LastPass has announced that its password manager users can now log into their private vault without a master password.
With the new system, customers will authenticate their identity through LastPass Authenticator, using biometrics or fingerprints. Support for physical security keys will be added later.
According to LastPass, this new feature makes their service the first of its kind to offer passwordless authentication.
A future without a password
Passwordless login has a number of advantages, especially in the context of password managers, which house a treasure trove of personal information and account credentials.
The main advantage is that biometrics-based authentication systems are immune to phishing, password stuffing attacks, and security risks created by password reuse (for example, breaches of passwords provided by third parties).
LastPass also predicts that the introduction of an easier way to log in (one that doesn't involve typing and retyping the same complex password) will encourage more people to adopt password managers in the first place, thereby minimizing the risk of account hacking. .
Users will initially need to set a master password when opening a new LastPass account, but the ultimate goal is to move to a fully password-based system in the future.

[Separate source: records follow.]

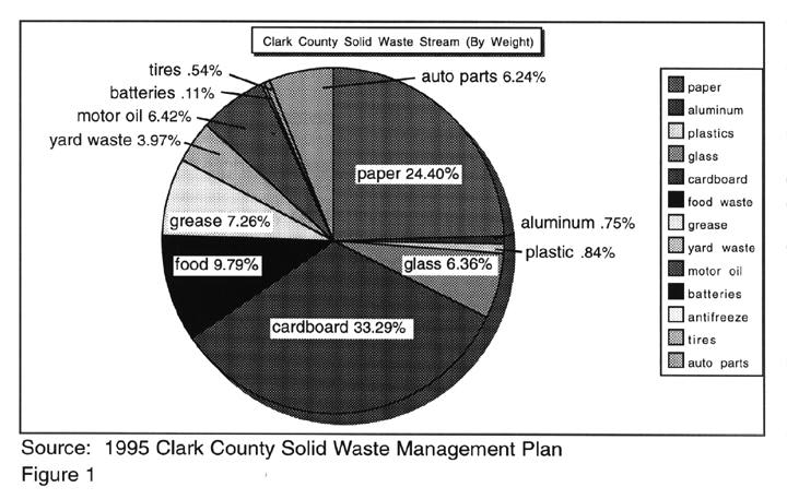 In 1996, 1,878,533 tons of municipal solid waste 2 and 1,502,650 tons of construction and demolition debris were generated in Clark County. The waste was disposed at local landfills (an additional 382,589 tons of materials were recovered for recycling). Harding Lawson Associates Engineering and Environmental Services, a Las Vegas consulting firm, estimates the local hospitality industry contributes 26.85% of the municipal waste stream generated in Clark County. This means more than half-a million tons of the solid waste disposed in 1996 was generated by Las Vegas hotels and restaurants. As shown in Figure 1, 33% of Clark County's solid waste was cardboard, 9.8% food waste, 7.3 % grease, 6.4% glass, and .75% aluminum (by weight), all of which are recyclable materials.
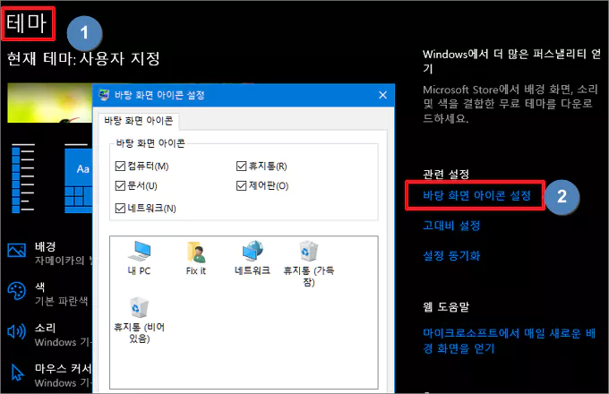윈도우에서 파일을 삭제하는 형태는 크게 네 가지 정도가 있다고 볼 수 있습니다. 이러한 모든 설정은 바탕화면에 있는 휴지통을 우클릭한 후 속성 창을 열어 설정할 수 있습니다. 만일 휴지통 아이콘이 보이지 않는 다면 바탕화면에서 마우스 우클릭한 후 개인 설정을 선택합니다. 개인 설정 창에서 테마를 선택한 다음 우측 창에서 바탕 화면 아이콘 설정을 클릭하시고 휴지통 등에 체크 표시하면 됩니다.
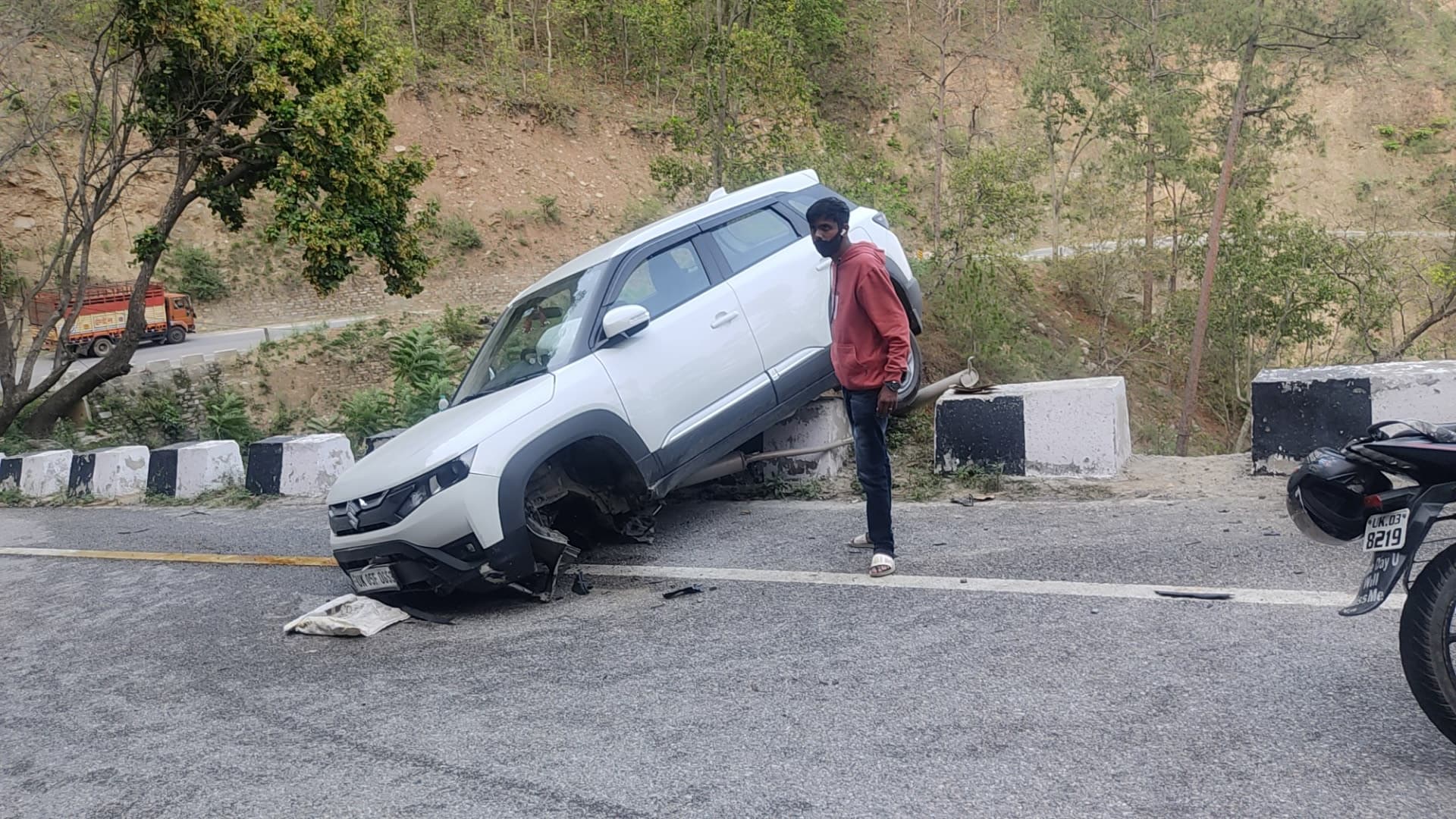 रिपोर्ट: लक्ष्मण बिष्ट 👹👹 : लोहाघाट:पैराफिट से टकराई कार टायर टूट कर हुए अलग बाल बाल बचा बड़ा हादसा खाई में जाने से बची कार।

"On the heels of tech giants and identity providers revealing their plans to enable passwordless technology across their operating systems, web browsers, devices and apps, LastPass is pleased to be the first and only password manager to enable users to effortlessly and securely log in, manage their account credentials and get instant access to the accounts they use every day, without having to enter a password," said Chris Hoff, director of secure technology at LastPass.
"While large-scale deployment and adoption of passwordless technology is the ultimate goal of the industry, it will be years before people discover end-to-end passwordless login across all apps, but LastPass takes it before".